The Lancastrian camp was near Linnels Bridge over the Devil's Water found slightly to the south of Hexham. The Yorkists crossed onto the south bank of the Tyne on the night of 12–13 May and were, by the morning of the 14th, in a position to attack Hexham. Presumably the Yorkist advance was at speed, as despite warnings by their own scouts the Lancastrians had little time to prepare for battle.

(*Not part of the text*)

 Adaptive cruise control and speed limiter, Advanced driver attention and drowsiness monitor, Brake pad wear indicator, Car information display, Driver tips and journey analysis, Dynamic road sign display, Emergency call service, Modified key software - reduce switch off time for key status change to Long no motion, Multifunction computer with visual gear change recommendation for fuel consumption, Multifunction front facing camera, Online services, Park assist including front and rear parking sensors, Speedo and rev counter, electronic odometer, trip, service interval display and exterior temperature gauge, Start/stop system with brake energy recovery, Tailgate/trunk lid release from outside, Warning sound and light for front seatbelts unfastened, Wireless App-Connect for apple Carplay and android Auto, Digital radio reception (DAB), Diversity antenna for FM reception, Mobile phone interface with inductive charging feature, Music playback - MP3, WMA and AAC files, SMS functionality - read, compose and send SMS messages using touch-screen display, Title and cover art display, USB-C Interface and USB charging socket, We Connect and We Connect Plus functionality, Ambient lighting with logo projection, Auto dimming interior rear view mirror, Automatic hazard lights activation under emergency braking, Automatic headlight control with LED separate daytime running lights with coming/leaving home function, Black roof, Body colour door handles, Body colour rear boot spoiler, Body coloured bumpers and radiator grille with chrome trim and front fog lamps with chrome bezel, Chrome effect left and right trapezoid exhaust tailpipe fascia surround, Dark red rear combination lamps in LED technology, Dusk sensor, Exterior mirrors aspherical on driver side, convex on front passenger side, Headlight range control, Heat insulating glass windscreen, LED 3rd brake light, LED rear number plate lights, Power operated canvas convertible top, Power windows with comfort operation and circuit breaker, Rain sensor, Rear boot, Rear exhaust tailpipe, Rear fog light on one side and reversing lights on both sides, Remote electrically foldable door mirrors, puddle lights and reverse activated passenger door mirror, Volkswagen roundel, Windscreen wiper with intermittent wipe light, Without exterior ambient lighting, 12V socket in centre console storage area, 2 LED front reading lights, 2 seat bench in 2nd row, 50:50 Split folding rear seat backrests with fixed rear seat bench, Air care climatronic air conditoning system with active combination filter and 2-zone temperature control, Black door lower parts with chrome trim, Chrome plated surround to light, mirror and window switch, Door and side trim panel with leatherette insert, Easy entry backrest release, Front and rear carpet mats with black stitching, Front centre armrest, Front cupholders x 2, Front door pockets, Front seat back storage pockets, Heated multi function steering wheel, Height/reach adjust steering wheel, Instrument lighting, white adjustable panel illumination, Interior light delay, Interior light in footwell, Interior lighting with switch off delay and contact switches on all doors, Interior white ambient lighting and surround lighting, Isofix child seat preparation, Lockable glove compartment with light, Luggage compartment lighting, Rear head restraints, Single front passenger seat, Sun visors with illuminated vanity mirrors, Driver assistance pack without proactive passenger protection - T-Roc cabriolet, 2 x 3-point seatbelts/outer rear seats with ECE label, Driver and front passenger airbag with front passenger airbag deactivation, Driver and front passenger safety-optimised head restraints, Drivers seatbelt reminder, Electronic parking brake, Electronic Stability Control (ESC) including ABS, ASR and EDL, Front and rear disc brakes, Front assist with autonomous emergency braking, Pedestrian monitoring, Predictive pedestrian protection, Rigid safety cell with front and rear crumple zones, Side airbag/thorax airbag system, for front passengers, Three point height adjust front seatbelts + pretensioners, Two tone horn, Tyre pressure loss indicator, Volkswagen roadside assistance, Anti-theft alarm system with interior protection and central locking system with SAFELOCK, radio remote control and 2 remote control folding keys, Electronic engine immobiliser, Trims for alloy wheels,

It is thought that Somerset rushed his forces to a site near Linnels Bridge and deployed his troops in three detachments in a meadow near the Devil's Water, there he hoped he could engage the Yorkist army before it moved past him into Hexham. No sooner had the Lancastrians taken their positions than the Yorkists charged down from their positions on higher ground. Upon seeing the Yorkist advance the right detachment of the Lancastrian army, commanded by Lord Roos, turned and fled across the Devil's Water and into Hexham, before a single blow had been struck. The remnants of Somerset's force were in a hopeless situation, hemmed in and unable to manoeuvre; the Yorkist troops charged through the one opening at the east end of Linnel's Meadow and engaged the bewildered Lancastrian soldiers.

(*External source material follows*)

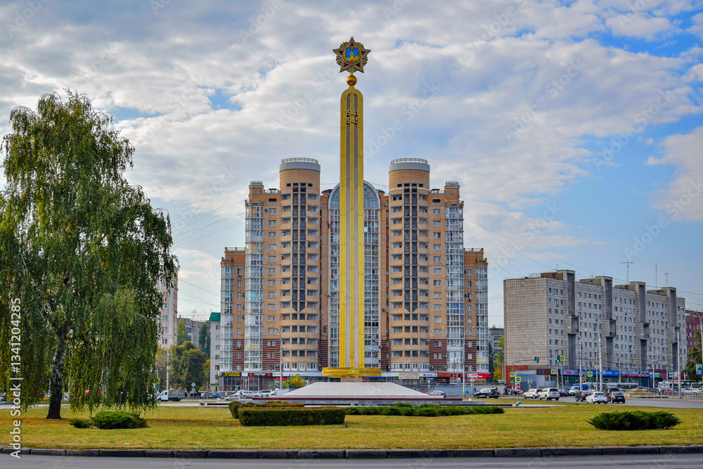 Fototapeta na wymiar - Victory Square with stele and residential buildings in Lipetsk.

Lancastrian morale collapsed, and after some token resistance the remains of Somerset's army was pushed into the Devil's Water by the Yorkist infantry. A chaotic rout followed, men either drowned in the river or were crushed as they tried to climb the steep banks of the Devil's Water in the retreat towards Hexham. Most, however, were trapped in West Dipton Wood on the north bank of the river and were forced to surrender when the Yorkists approached.

==Aftermath==
Neville showed little of Edward's conciliatory spirit, and had thirty leading Lancastrians executed in Hexham on the evening following the battle, including Henry Beaufort, 3rd Duke of Somerset, and Lord Roos. William Tailboys was captured and executed shortly after he tried to flee north with £2,000 of Henry's war chest. Upon the loss of its leadership and bankroll, the Lancastrian resistance in the North of England collapsed.

Following his defeat in the Battle of Hexham on 15 May 1464, Henry VI found refuge, sheltered by Lancastrian supporters, at houses across the north of England. Following stays at Muncaster Castle on the Cumbrian coast and at nearby Bolton Hall, he was in hiding at Waddington Hall, in Waddington, Lancashire, the home of Richard Tempest. Here, he was betrayed by "a black monk of Addington" and on 13 July 1465, a group of Yorkist men, including Richard's brother John, entered the home to arrest him. Henry VI fled into nearby woods but was soon captured. This meant that the rebellion was effectively over. There followed a relative period of peace until the Earl of Warwick's defection to the Lancastrian cause in 1469 and the wars started anew.